Una parte sumamente importante al momento de hablar con nuestros hijos sobre este sentimiento, es el hacerlo también, enfocándonos en la sana autoestima. No se puede amar a los demás si no sabemos amarnos a nosotros mismos. De hecho, el gran mandamiento de la vida “ama a los demás como a ti mismo” tiene una sabiduría infinita en su contenido.

La sana autoestima, es algo que se debe cultivar desde pequeños. Al reforzar su autoestima, nuestros hijos se sentirán más seguros y capaces de hacer lo que se propongan, convirtiéndose así, en adultos optimistas, sociables y felices.
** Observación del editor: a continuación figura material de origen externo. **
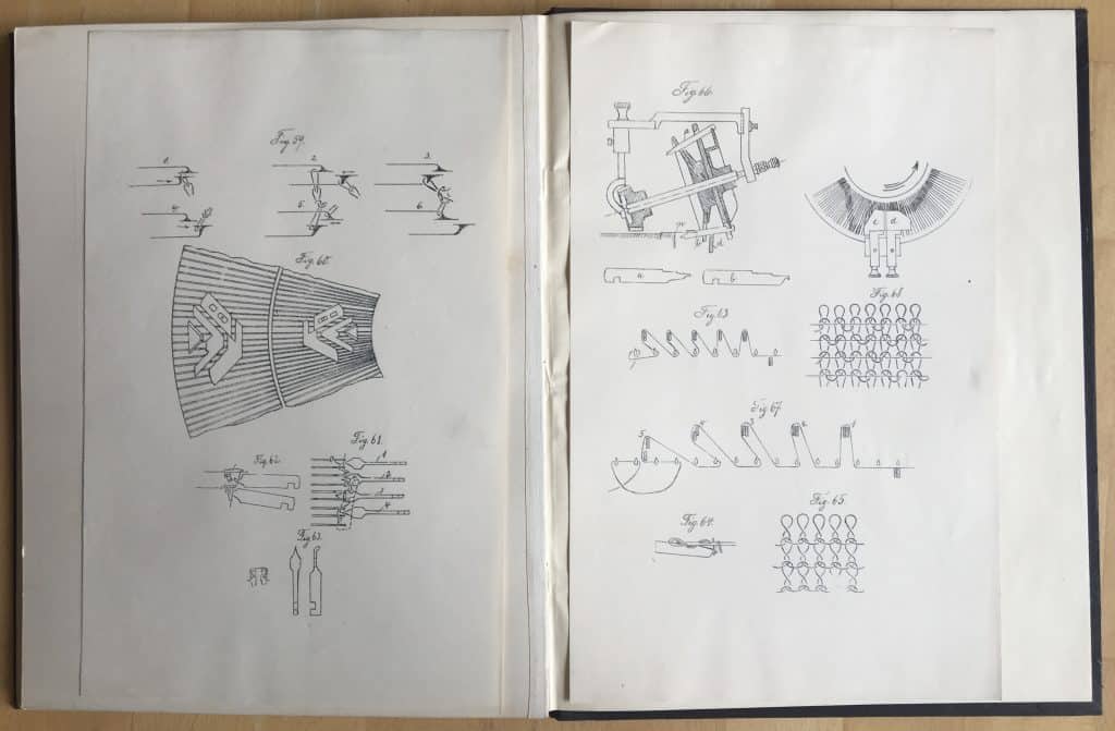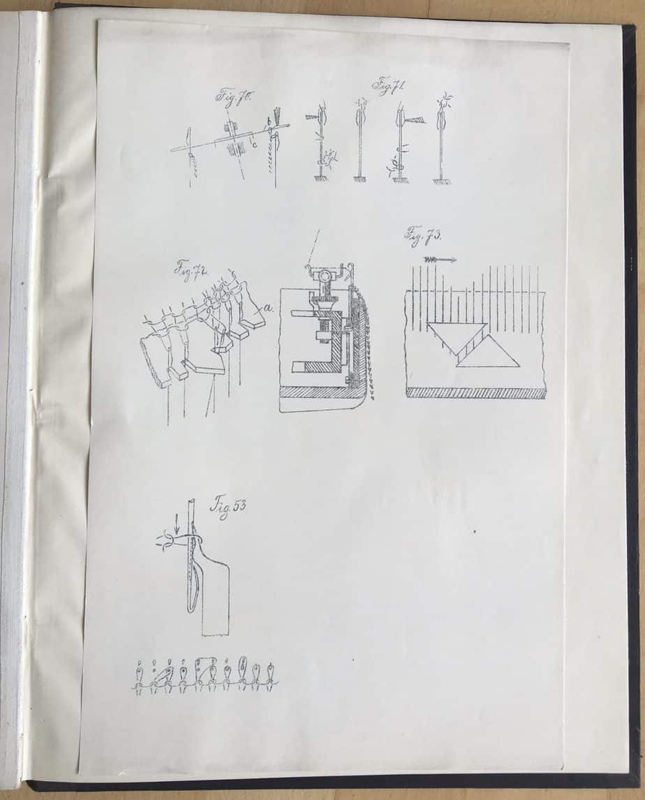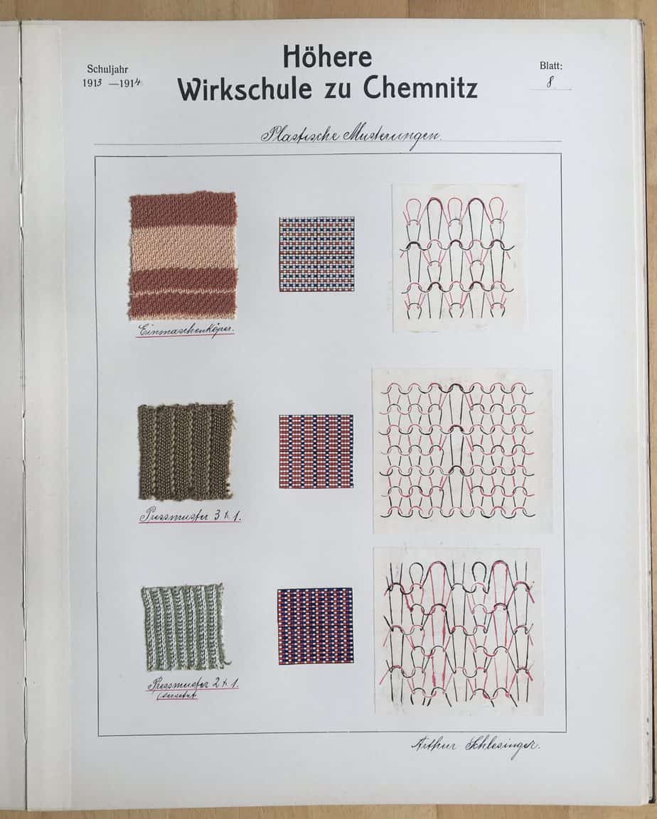 Zu den Fachschulen für Textilindustrie habe ich bereits ausführlich geschrieben. Im vorliegenden Beispiel wurde offensichtlich mit vorgedruckten Bögen der Wirkschule gearbeitet. Das Buch umfasst 19 Bögen; ob sie bereits so gebunden waren oder erst im Nachhinein, ist leider nicht festzustellen. Die Wirkmuster wurden eingeklebt und das Ergebnis der Zerlegung dazu notiert, ebenso die Fadenlegung bzw. die Patrone. Fünf lose Blätter als Kopien fanden sich hinten im Buch, mit Abbildungen der Maschinen und Schlingenführung usw.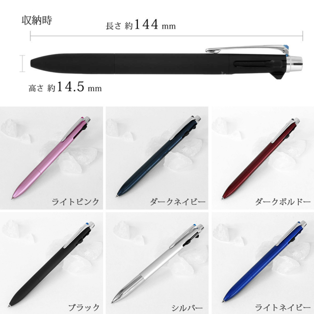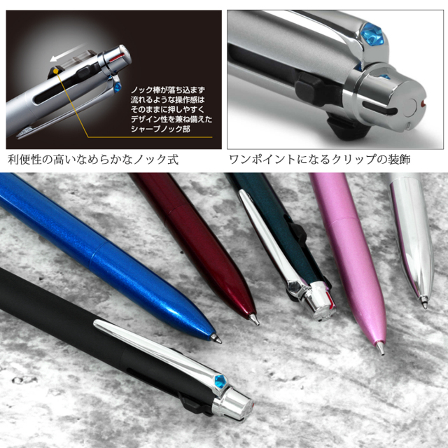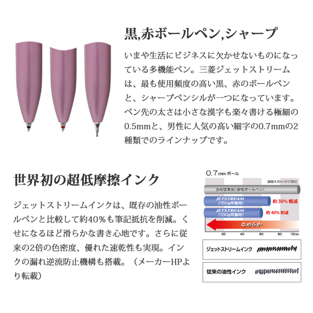 黒・赤のボールペンとシャープペンが搭載された3機能タイプ。ボールペン先は小さな漢字もきれいに書ける極細の0.5mmと男性に人気の高い細字の0.7mmの2種類。初期搭載された替芯はカラーによって異なります。黒・赤の2色のインクはそれぞれ超・低摩擦ジェットストリームインクが採用されています。筆記荷重・速度に関わらず抵抗が少なく滑らかに筆記することができ、インクの出過ぎを抑制する工夫もとられています。

Los hijos, con el tiempo deben convertirse en adultos preparados para las adversidades que puedan presentarse en sus vidas.

El amor hacia los demás

Además de enseñarles acerca del amor propio, que les ayudará a cuidarse a ellos mismos y ver sus cualidades positivas, también debemos educar a nuestros hijos en el amor hacia otras personas: sus hermanos, sus familiares, sus amigos y compañeros del cole.

A través del amor hacia los demás, podremos enseñarles a ser personas amables, empáticas y respetuosas con los demás, mostrándoles que la felicidad también se consigue a través de la bondad y del hacer el bien a otras personas. Estos valores son la mejor base para una sana educación sexual durante la adolescencia.

Recordemos que gran parte de la enseñanza de vida que podemos dar a nuestros hijos, lo hacemos a través del ejemplo. Ellos nos ven y nos escuchan siempre, por lo tanto es importante que nosotros también trabajemos constantemente en nuestro amor propio y en el amor hacia los demás.

Cuando establecemos la felicidad y el amor como la base de la preparamos mejor a nuestros hijos para su futuro: un niño amado es un niño feliz, y ese niño feliz, crecerá para ser un adulto seguro y optimista, capaz de tener relaciones positivas de amistad y de pareja.